Recall: int and float

Two different number types.

int: 23 -7 5

float: 3.14 7.0 -5.2

Key point: indexing is int only, e.g. looking up a char in a string.

s[4]    # works

s[4.0]  # crashes

This is shy we have used int thus far.

Challenge - Midpoint Index of String

Say we want to grab the char at the midpoint of a string, which we'll say is the index equal to half the length.

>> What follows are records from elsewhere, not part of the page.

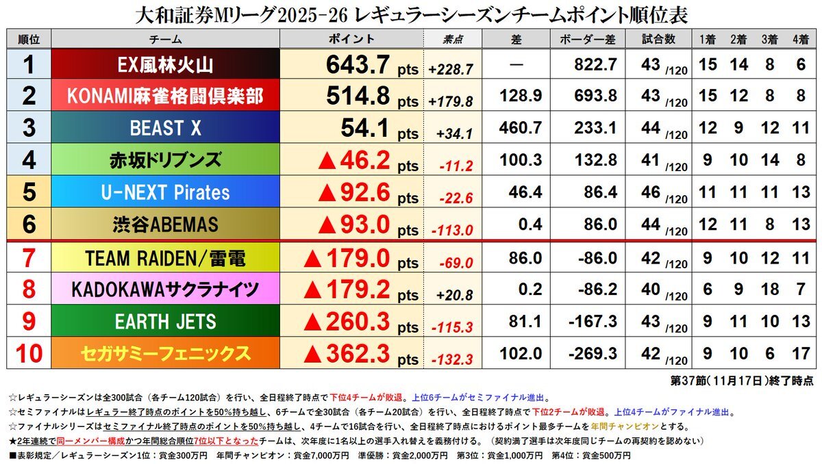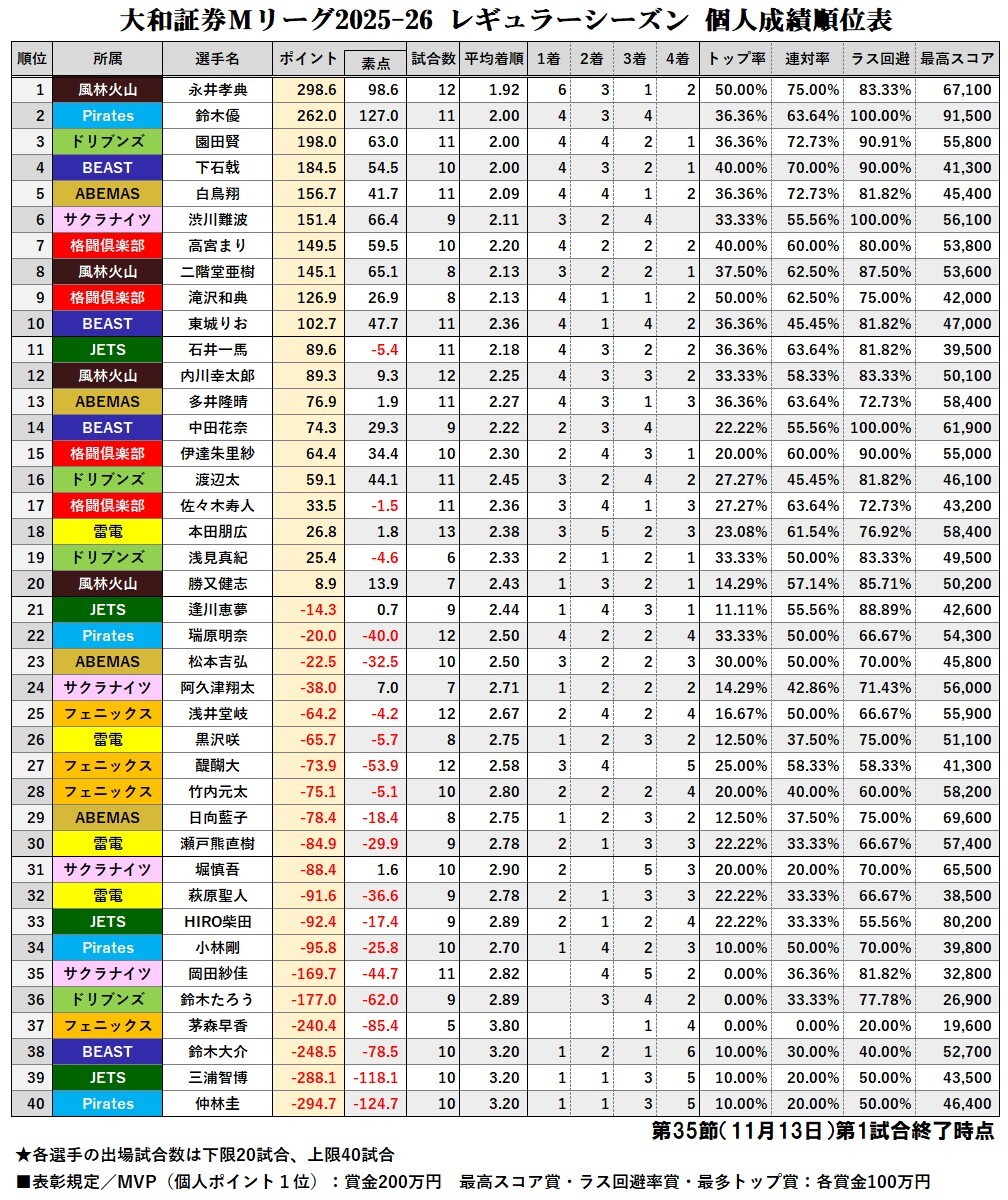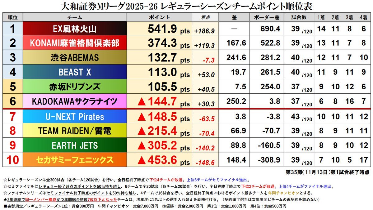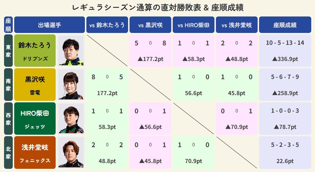 Мリーグ2025-26 レギュラーシーズン 11/13(木) 第2試合 レギュラーシーズン通算直対成績・座順成績 #Мリーグ #鈴木たろう #黒沢咲 #HIRO柴田 #浅井堂岐 pic.x.com/ipRZsqGjqA x.com/m_league_/stat…
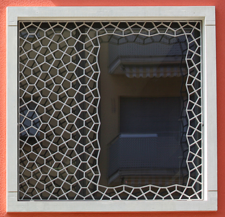 Die Obergeschosse der Strassenfassade werden mit nur einem Fenstermodul bespielt. Die Fassade erlangt dadurch eine wohltuende und grosszügige Masstäblichkeit analog der Nachbarhäuser. Die klassischen Elemente der benachbarten Gebäude werden weiterverwendet: Erker und Materialien wie Naturstein, Putz und kunstvolle, schmiedeiserne Geländer der Balkone werden angewendet. Bei unserem Gebäude zeigen die Erker die Eingänge für die Nutzungen Gewerbe und Wohnen an. Die Gesimse verstärken die Zonierung und die Plastizität des Volumens. Die Gussaluminium-Elemente vor den Fenstern entlang der Strassenfassade dienen neben ihrem Schmuck-Charakter als Absturzsicherheit.
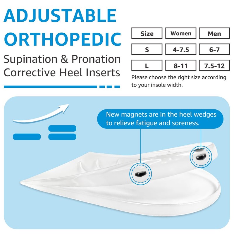 - For Over Supination: If over-supination is bothering you, you could use JL-Group 2 Layers Adjustable Heel Wedge Corrective Inserts by applying the high thickness side to the heel of the shoe on the outside of your legs. Use 1 or 2 layers depending on your degree of over supination. This corrective heel wedges insoles will help to correct the problem of over supination of the heel and provide fixed support to the internally rotated heel, improving the posture of the legs, as well as the walking posture. Helps relieve ankle pain, knee pain, hip pain, low back pain due to incorrect leg posture.
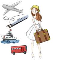 交通出行工具飞机,火车,巴士。
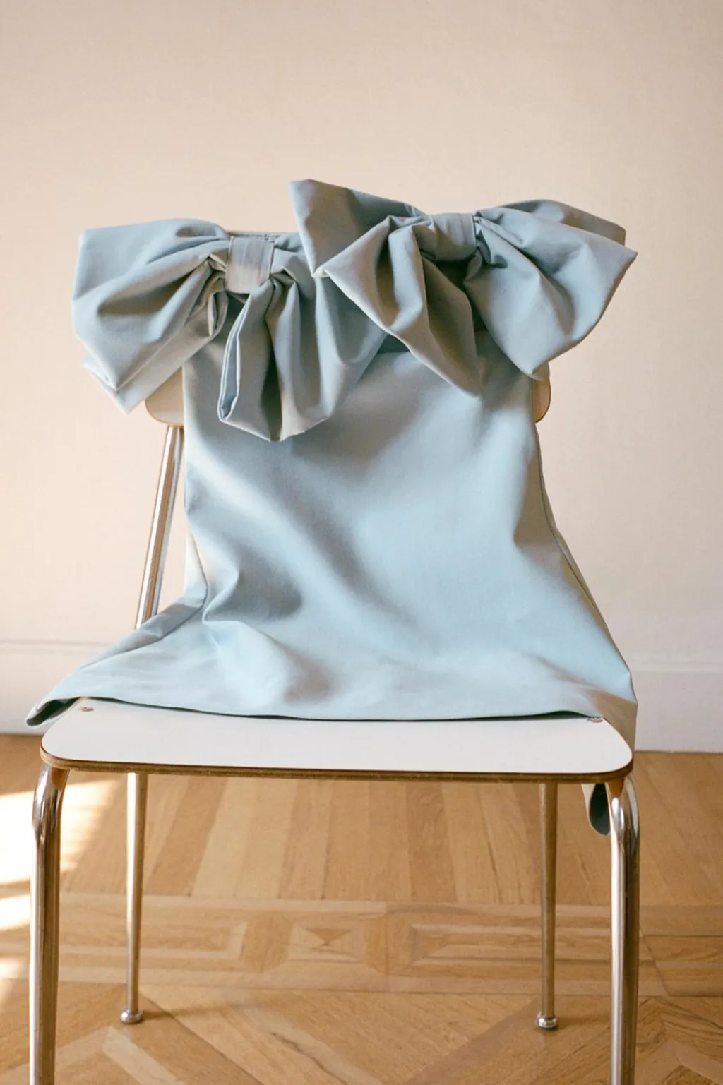 Vestido corto de escote recto con elástico y hombros descubiertos. Detalle de maxi lazos. Forro interior combinado a tono. Cierre en espalda con cremallera oculta en costura.
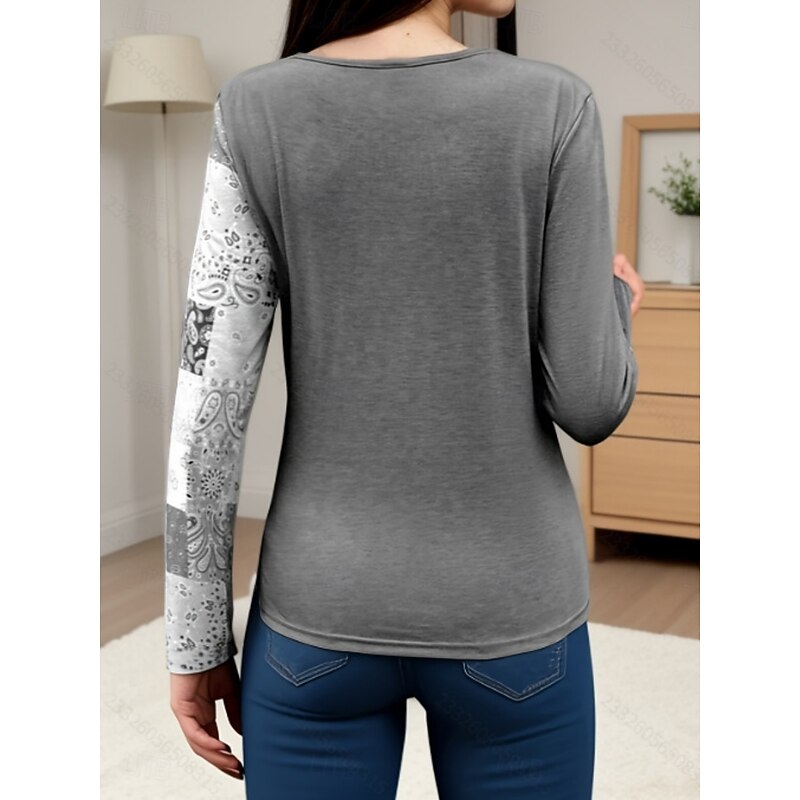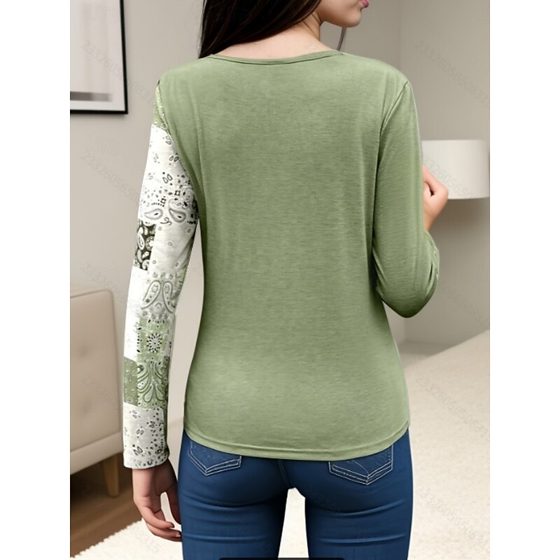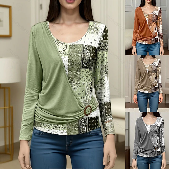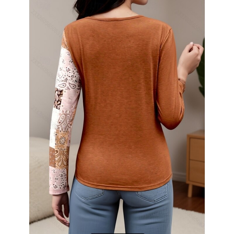 Women's Blouse Paisley Stylish Casual Long Sleeve Crew Neck Regular Tops Daily Patchwork Print Orange Brown Green Gray Spring Fall Winter 13
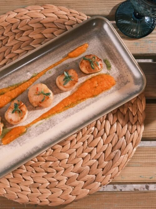 Fried scallops with a creamy carrot and ginger purée
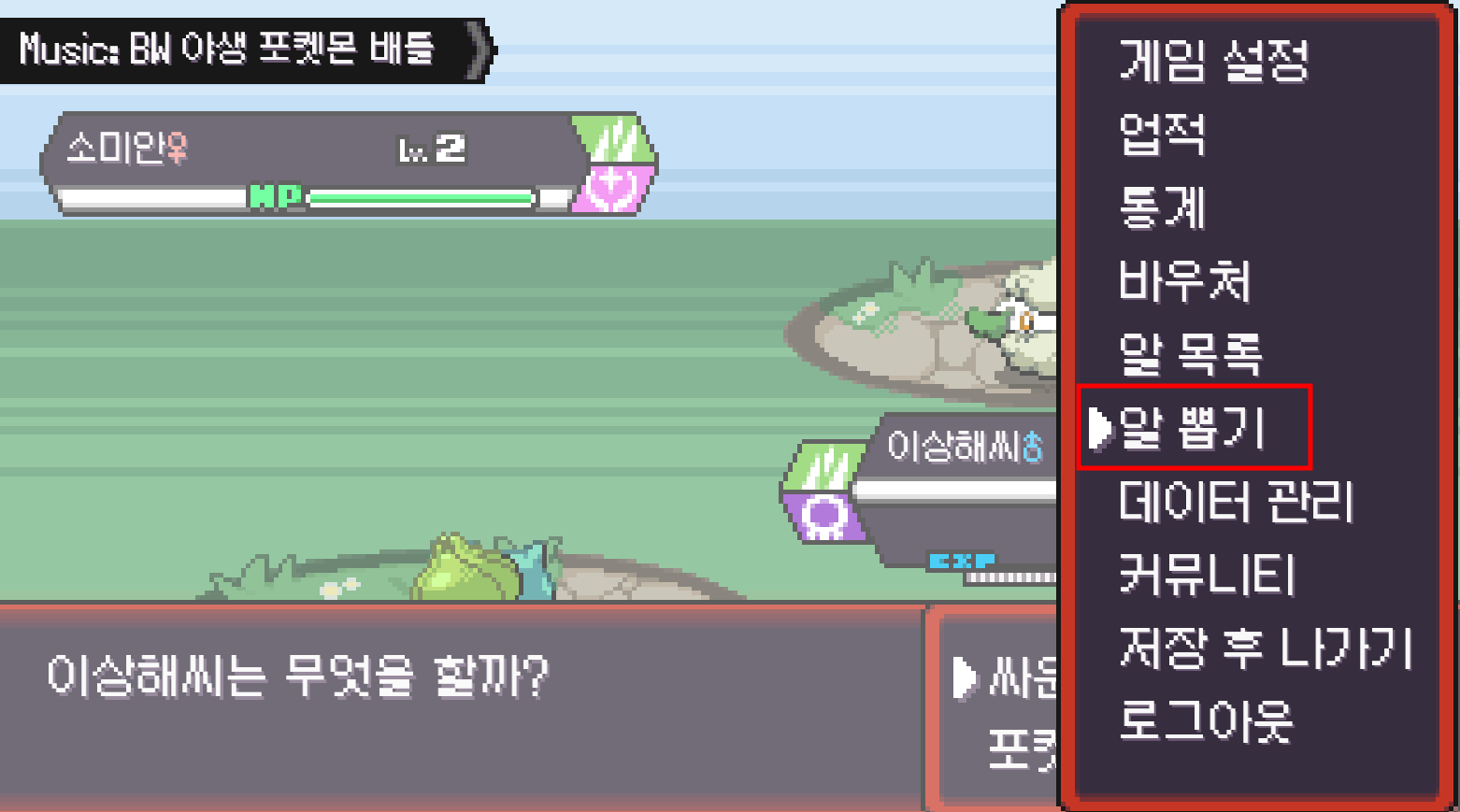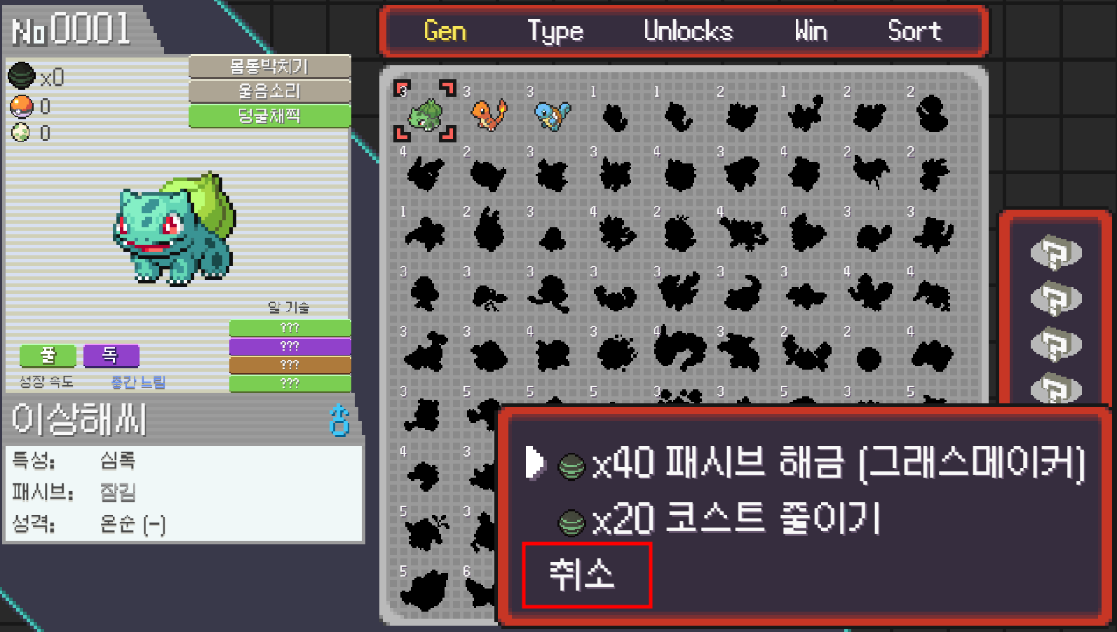 다시 재접속해 확인하면 이상해씨의 모든 기능이 해금되어있다.
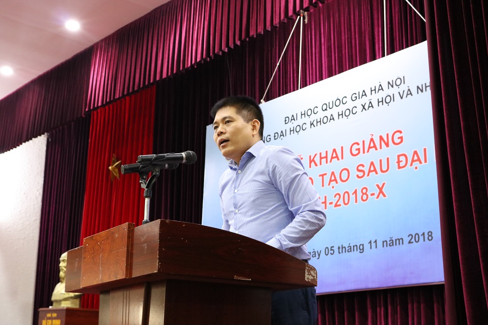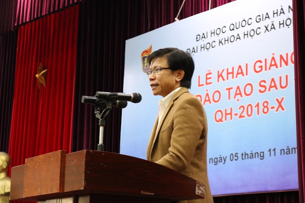 Phát biểu tại buổi lễ, Phó Hiệu trưởng Hoàng Anh Tuấn gửi lời chúc nồng nhiệt tới các tân NCS và HVCH khóa QH-2018-X. Thầy cho biết: Trường ĐHKHXH&NV hiện có hơn 70 chương trình sau đại học với các ngành/chuyên ngành đa dạng, đảm bảo cơ cấu và tương thích với nhu cầu trong nước cũng như xu hướng trên thế giới. Trong những năm qua, Nhà trường đã điều chỉnh tiến trình đào tạo, cách thức tổ chức các môn học, quy trình làm hồ sơ bảo vệ, nhằm tạo điều kiện cho quá trình học của HVCH và NCS linh hoạt, hiệu quả hơn. Phó Hiệu trưởng cũng đề nghị các đơn vị đào tạo bám sát quy trình đào tạo, nêu cao tinh thần phục vụ và đổi mới trong đào tạo sau đại học.

Here we see the problem — using division / yields a float, but the float crashes if we try to use it as an index. Floats are categorically forbidden for indexing.

>>> s = 'abcde'
>>> 
>>> len(s)
5
>>> 
>>> mid = len(s) / 2
>>> 
>>> mid
2.5
>>> 
>>> s[mid]
TypeError: string indices must be integers, not 'float'
>>>

To fix this, we'll see the int focussed division and modulo operators.

Int Division Operator //

The int division operator // rounds down to produce int, so we use this when we need an int. This division and discards any remainder, rounding the result down to the next integer.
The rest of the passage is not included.